As an AI Practitioner, you’ve probably experienced this frustrating journey: you start by prototyping locally, training your model on your laptop. When you need more compute power, you have to rewrite everything for distributed training. You containerize your code, rebuild images for every small change, write Kubernetes YAMLs, wrestle with kubectl, and juggle multiple SDKs — one for training, another for hyperparameter tuning, and yet another for pipelines. Each step demands different tools, APIs, and mental models.
All this complexity slows down productivity, drains focus, and ultimately holds back AI innovation. What if there was a better way?

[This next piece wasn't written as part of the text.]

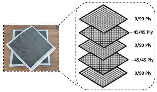 In this investigation, 200 g/m2 of 31-layered 3K carbon fibre with a 0°/90° orientation was used with a bisphenolic-based Vinyl Ester Resin Epovia RF-1001 matrix to make a 230 × 230 × 8 mm3 multidirectional quasi-isotropic [0°/90°/+45°/−45°] specimen of CFRP by using the hand lay-up method. The mechanical properties of T300 carbon fibre are shown in Table 1.
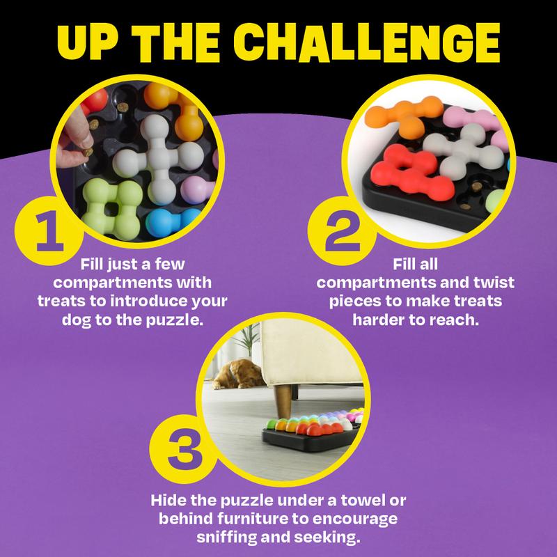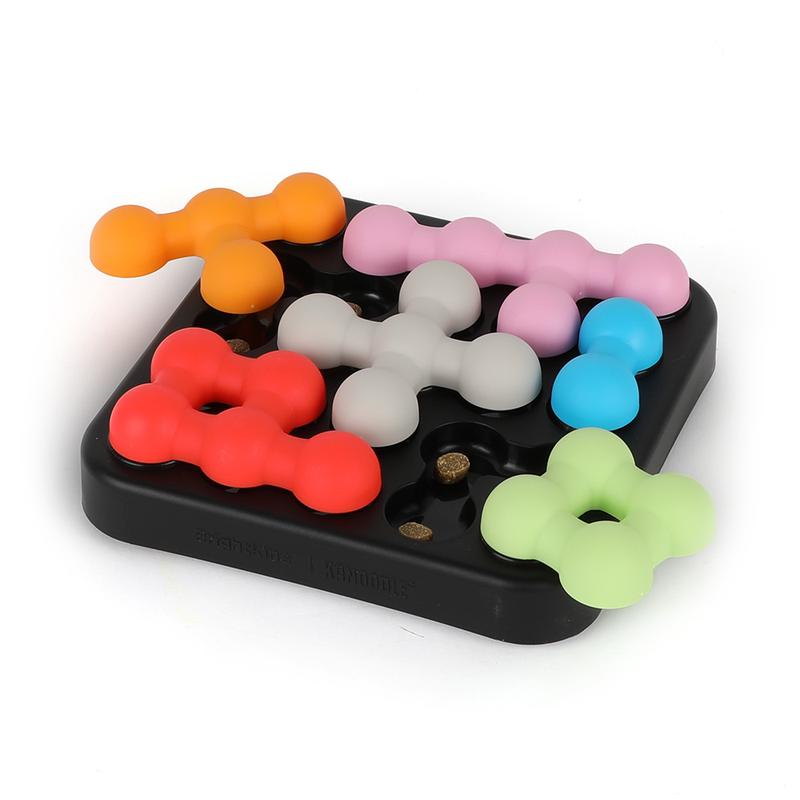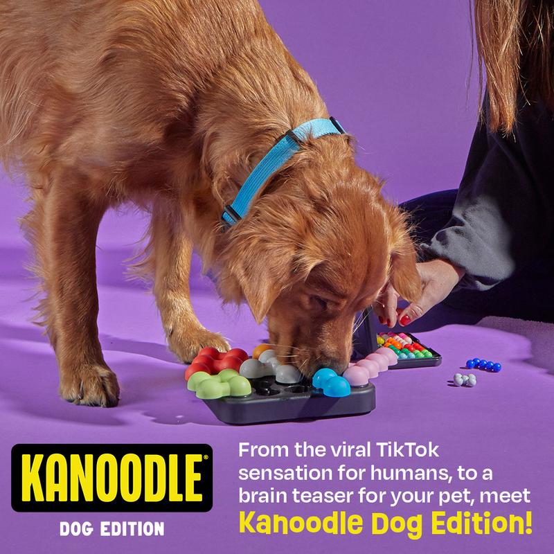 ·This interactive dog treat puzzle is inspired by our TikTok viral sensation, Kanoodle! Bringing the excitement of best-selling Kanoodle to your pet, this puzzle features a Kanoodle base and pet-safe Kanoodle pieces that twist and slide, each hiding your treats inside! Kanoodle Dog Edition can be customized to different challenge levels featuring nine built in treat compartments for extra stimulation and engagement.

The Kubeflow community started the Kubeflow SDK & ML Experience Working Group (WG) in order to address these challenges. You can find more information about this WG on our YouTube playlist.
Introducing Kubeflow SDK
The SDK sits on top of the Kubeflow ecosystem as a unified interface layer. When you write Python code, the SDK translates it into the appropriate Kubernetes resources — generating CRs, handling orchestration, and managing distributed communication. You get all the power of Kubeflow and distributed AI compute without needing to understand Kubernetes.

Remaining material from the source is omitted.